通过将伸长管嘴连接至沉积头而获得增强的沉积特征。优选利用气动配合和紧固螺母将管嘴连接至沉积头的下部腔室,且所述管嘴优选长大约0.95到1.9厘米。管嘴降低了射出流的直径,并将该流校准为在超过管嘴出口大约3至5毫米的距离处为管嘴孔口直径的若干分之几。管嘴的孔口直径的尺寸是根据沉积材料的理想线幅的范围而选取的。出口孔口可具有从大约50到500微米范围的直径。沉积的线幅可小到大约为孔口直径的尺寸的二十分之一,或大到孔口直径。使用相同的沉积设备,可拆卸式伸长管嘴的使用还能够将沉积结构的尺寸从小至几微米改变为大至1毫米的若干分之几。射出流的直径(且因此使沉积的线幅)由出口孔口尺寸、鞘气的流量与载体气体的流量的比率、以及孔口和目标之间的距离来控制。还可使用伸长管嘴获得增强沉积,该伸长管嘴被加工到沉积头的主体中。这种伸长管嘴在2004年12月13日提交的名为“Annular Aerosol Jet DepositionUsing An Extended Nozzle”的共同拥有的美国专利申请第11/011,366号中有更详细的说明,该申请在此整体并入本文供参考。

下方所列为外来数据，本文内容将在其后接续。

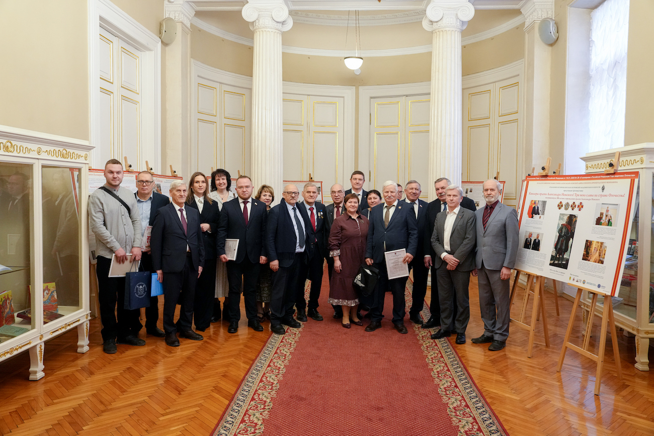 О начале работы, выставки перед собравшимися депутатами Законодательного собрания, работниками дворца и приглашенными слушателями, объявил депутат Законодательного Собрания кавалер ордена Александра Невского Ржаненков А.Н. Он зачитал обращение к организаторам и гостем этой выставки Председателя Законодательного собрания Санкт-Петербурга А.Н. Бельского, также являющегося кавалером ордена Александра Невского.Перед собравшимися выступил Президент Петровской Академии наук и искусств А.В. Воронцов сообщивший о том, что эта выставка побывала уже в Московском районе Санкт-Петербурга, в городах Тихвин и Гатчина Ленинградской области, а была открыта 10 сентября 2025 года наместником Александро-Невской Лавры, епископом Кронштадтским Вениамином в Александро-Невской Лавре в канун 301 годовщины переноса мощей Александра Невского из Владимира в Санкт-Петербург.
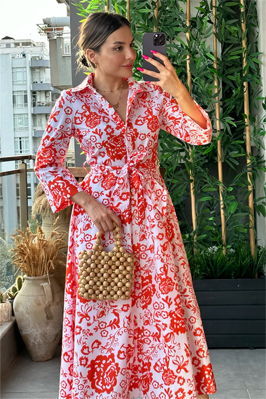 3 AL 2 ÖDEFiesta turuncu beyaz çiçekli elbise

在许多应用中,有利的是由多个沉积头执行沉积。可通过使用微型沉积头以增加每单位面积的管嘴数量,使用于引导打印应用的多个沉积头的使用变得更便利。微型沉积头优选包括与标准头相同的基本内部几何结构,相同之处在于环状流以相似于标准沉积头的结构形成在浮质和鞘气之间。沉积头的小型化还帮助在移动台架上安装沉积头和在固定目标上沉积材料的直接写入过程。
微型浮质喷流沉积头和喷流阵列
沉积头的小型化可以通过多于一个的数量级减少装置的重量,因此而帮助可移动台架上的安装和平移。小型化还帮助成阵列的沉积头的制造和操作,能够构成和操作能够独立运动和沉积的浮质喷流阵列。成阵列的浮质喷流提供了增加的沉积率、成阵列的沉积和多种材料的沉积。成阵列的浮质喷流对于高溶解的直接写入应用还设置用于增加的管嘴密度,并且可制成具有用于特殊沉积应用的定制的喷流空间和结构。管嘴结构包括但不限于线性、矩形、圆形、多边形和各种非线性排列。
即使两者不相同,微型沉积头与标准沉积头的功能也会相似,但所述微型沉积头的直径是较大单元的直径的约五分之一。因此微型沉积头的直径或宽度优选是大约1cm,但是也可以更小或更大。本申请中详述的几个实施例公开了鞘气被引入沉积头内并进行分送的各种方法、以及结合鞘气流与浮质流的方法。鞘气流在沉积头之中的发展对系统的沉积特征是至关重要的,用来确定喷射的浮质流的最终宽度以及沉积到一次沉积边界外的卫星液滴(satellite droplet)的量和分送,并且通过在孔口壁和充满浮质的载体气体之间形成的屏障使出口孔口的阻塞最小化。
微型沉积头的横截面在图1a中被示出。充满浮质的载体气体通过浮质端口102进入沉积头,并且沿装置的轴进行引导。惰性鞘气通过连接至上部充气室104的端口侧向地进入沉积头。充气室绕着沉积头的轴产生鞘气压力的圆柱形对称式分布。鞘气流至圆锥形下部充气室106,并与浮质流在结合室108中相结合,形成由内部的充满浮质的载体气流和外部惰性鞘气流组成的环状流。环状流通过伸长管嘴110传播,并在管嘴孔口112处退出。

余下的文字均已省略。